How can I get FindRoot to be more accurate? I would require a solution for r that leaves expr at least much closer to zero. (I can check expr to some tolerance and discard the result if it's too far out.)

expr = 34334.9 (1 + r) - 150000 (1 + r)^0.16129 + 145472 (1 + r)^0.0645161 - 15177.4;

Clear[r]

r = r /. FindRoot[expr == 0, {r, -0.75}]

expr


6142.92

Plot[expr, {r, -1, 1}, AxesOrigin -> {0, 0}]

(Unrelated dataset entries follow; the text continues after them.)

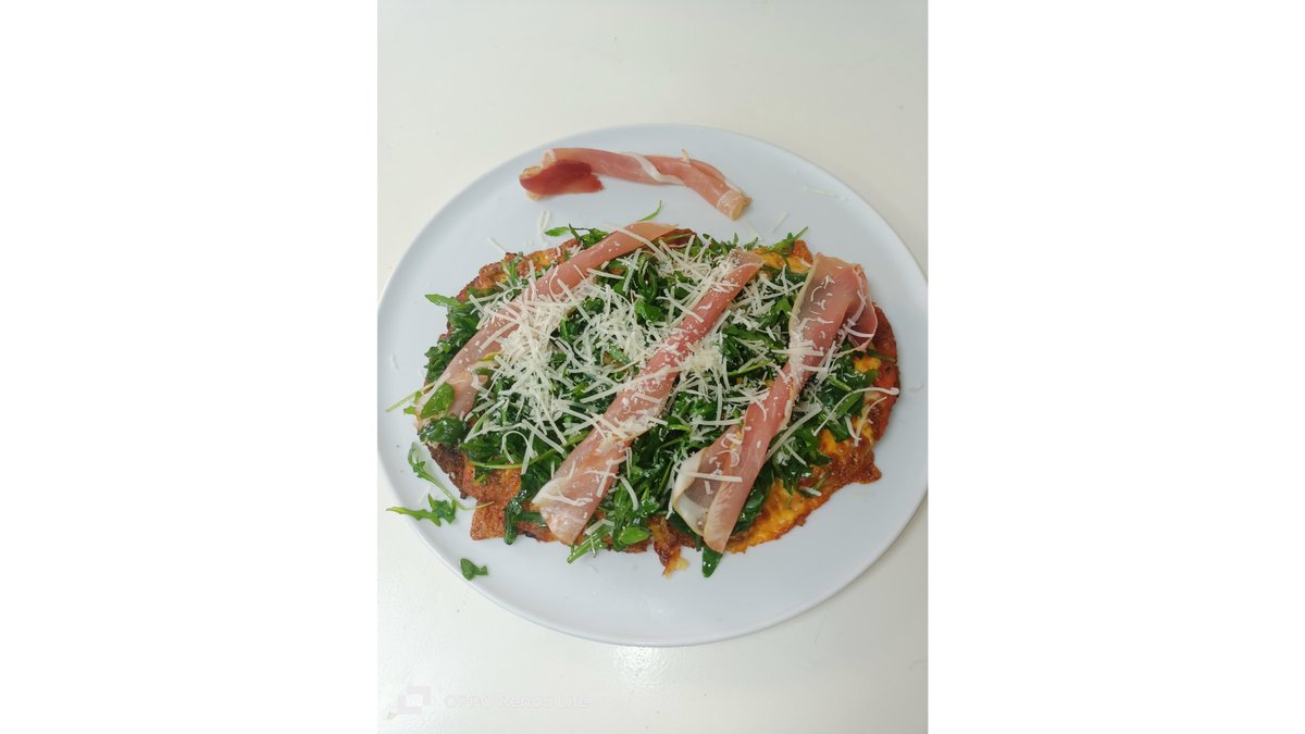 Piept de pui, sos de legume, mozzarella , cașcaval cheddar,rucolă , proschito crudo
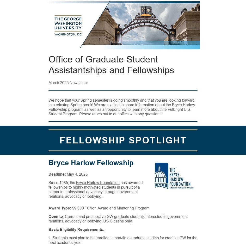 We hope that your Spring semester is going smoothly and that you are looking forward to a relaxing Spring break! We are excited to share information about the Bryce Harlow Fellowship program, as well as an opportunity to learn more about the Fulbright U.S. Student Program. Please reach out to our office with any questions!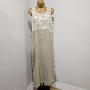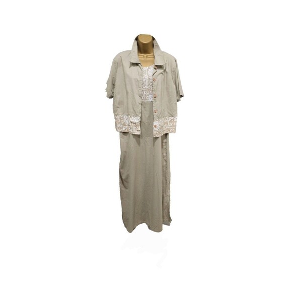 Cottage Coastal Grandma Modest Two Piece Tan White Jacket Tank Dress Womens Medium Excitation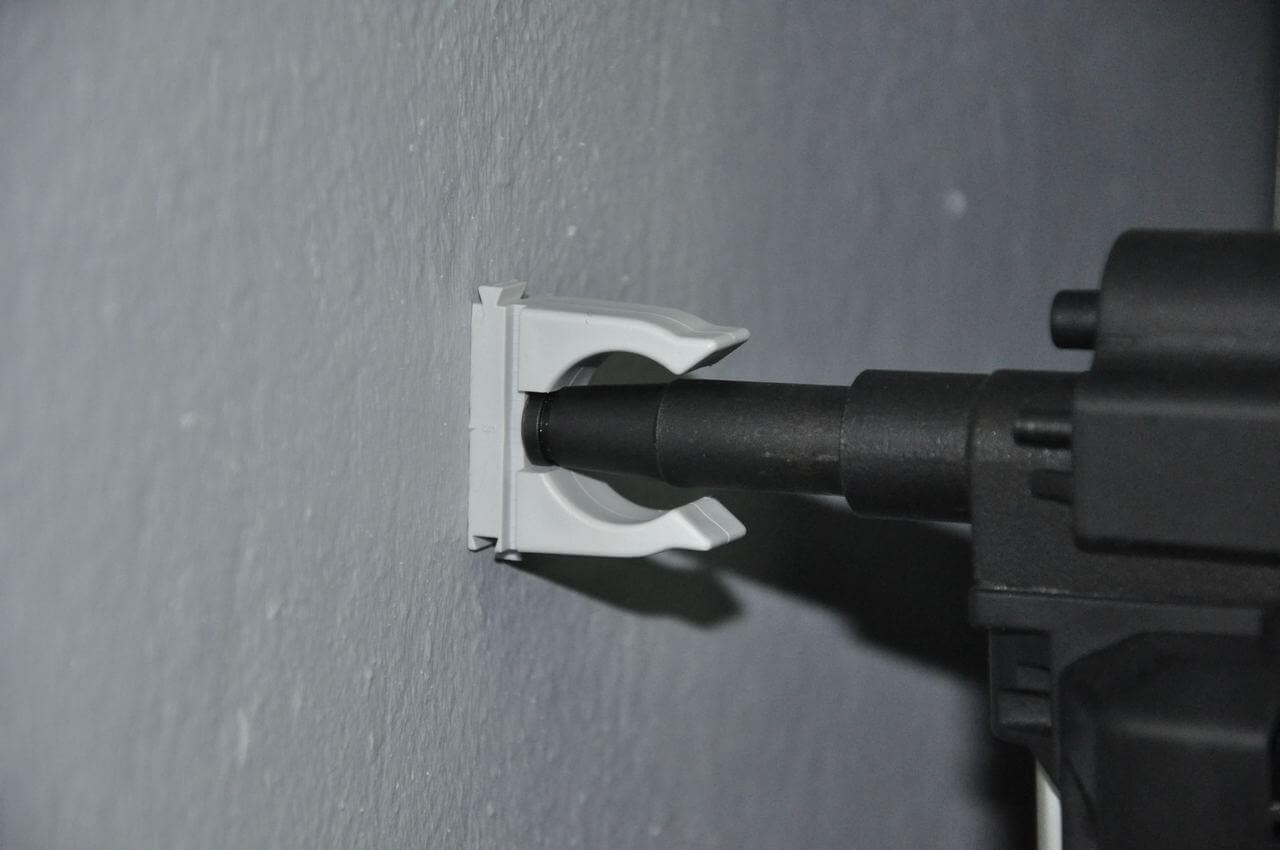 Гофра монтируется на поверхности стен с помощью клипс или дюбель-хомутов. При наличии газового пистолета вы можете значительно ускорить закрепление клипс по кабельной линии, а монтаж кабеля в гофре в клипсы происходит за считанные минуты.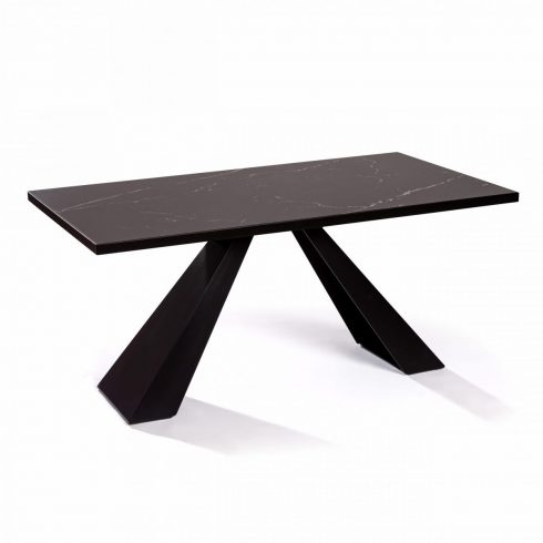 Mesa de comedor  SIGMA estructura de hierro en atura 75cm lacada en negro con sobre de porcelánico negro Marquina brillante y marco de hierro lacado negro, consultar otros sobres.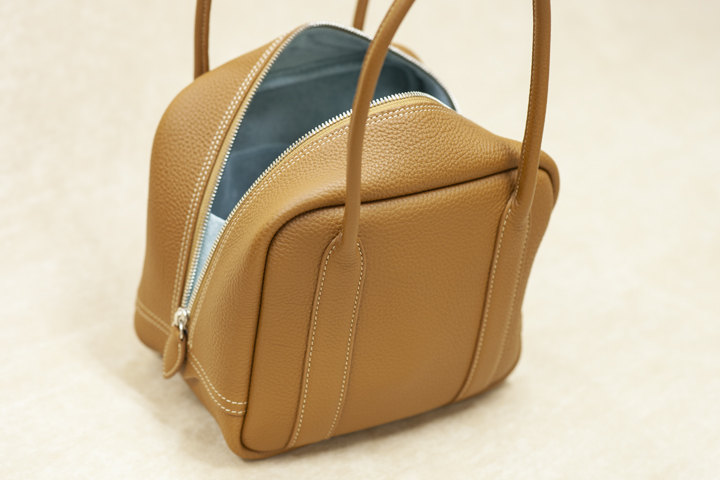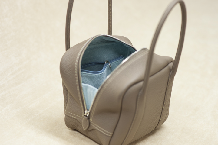 外装素材にはドイツ・ペリンガー社のシュランケンカーフを使用しており、この皮革のハリや弾力性によって生み出されたふくよかなシルエットが生み出す上品さや愛らしさが印象的です。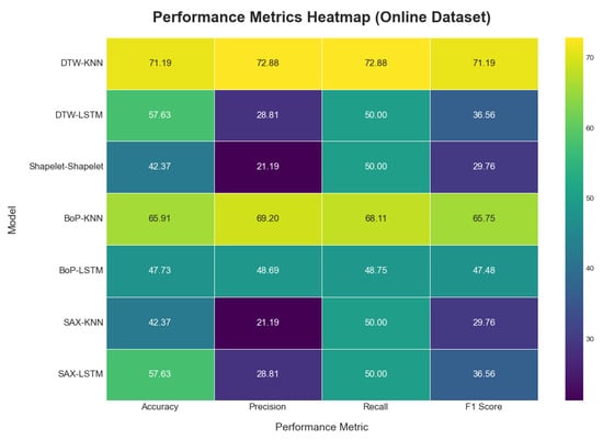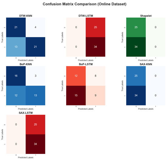 When applied to the online dataset, model performance was generally lower and more varied, as shown in Table 4. The visual representations of the results are provided in Figure 16, Figure 17 and Figure 18. This is likely due to greater complexity, noise, and variability in this dataset compared to the self-collected one. The DTW method with KNN achieved the highest accuracy at 71.19%. In contrast, the Shapelet-based Classification and SAX methods performed poorly, with accuracies of only 42.37%. This suggests that patterns identified by these methods in the self-collected data did not generalize well to the more complex online dataset.

• From the plot it seems expr has no roots. NMinimize perhaps? Jul 9, 2019 at 13:47
• 'No solution' would be ok. I am just surprised at the approximate answer, and wondering if I can control the accuracy, rather than have to check the result. Jul 9, 2019 at 13:52
• I see. Did you check for the usual options AccuracyGoal and PrecisionGoal, etc? What happens if you Rationalize your floats? Jul 9, 2019 at 13:56
• I tried AccuracyGoal. I don't think it improved much a fairly accurate minimum. Maybe it's just simplest to check the value of expr. Jul 9, 2019 at 14:03
• BTW if I execute your code, I do get an error message "...unable to find a sufficient decrease in the merit function." This means that something went wrong and, in this case, means the function has no roots. So this is basically your "no solution" message. Jul 9, 2019 at 14:11

Clear[r]

expr =
34334.9 (1 + r) - 150000 (1 + r)^0.16129 + 145472 (1 + r)^0.0645161 -
15177.4;

Minimize[expr // Rationalize[#, 0] &, r]

(* {-(75887/5), {r -> -1}} *)


Since the minimum is negative there must be a root.

prec = 30;

sol = FindRoot[SetPrecision[expr, prec] == 0, {r, -1},
WorkingPrecision -> prec]

(* {r -> -0.99999999999999890965199354718} *)


Verifying the solution

SetPrecision[expr, prec] /. sol

(* 0.*10^-12 *)

Plot[SetPrecision[expr, prec], {r, -1.0005, -0.999},
WorkingPrecision -> prec]


For non-extreme solutions this is the type of routine I came up with.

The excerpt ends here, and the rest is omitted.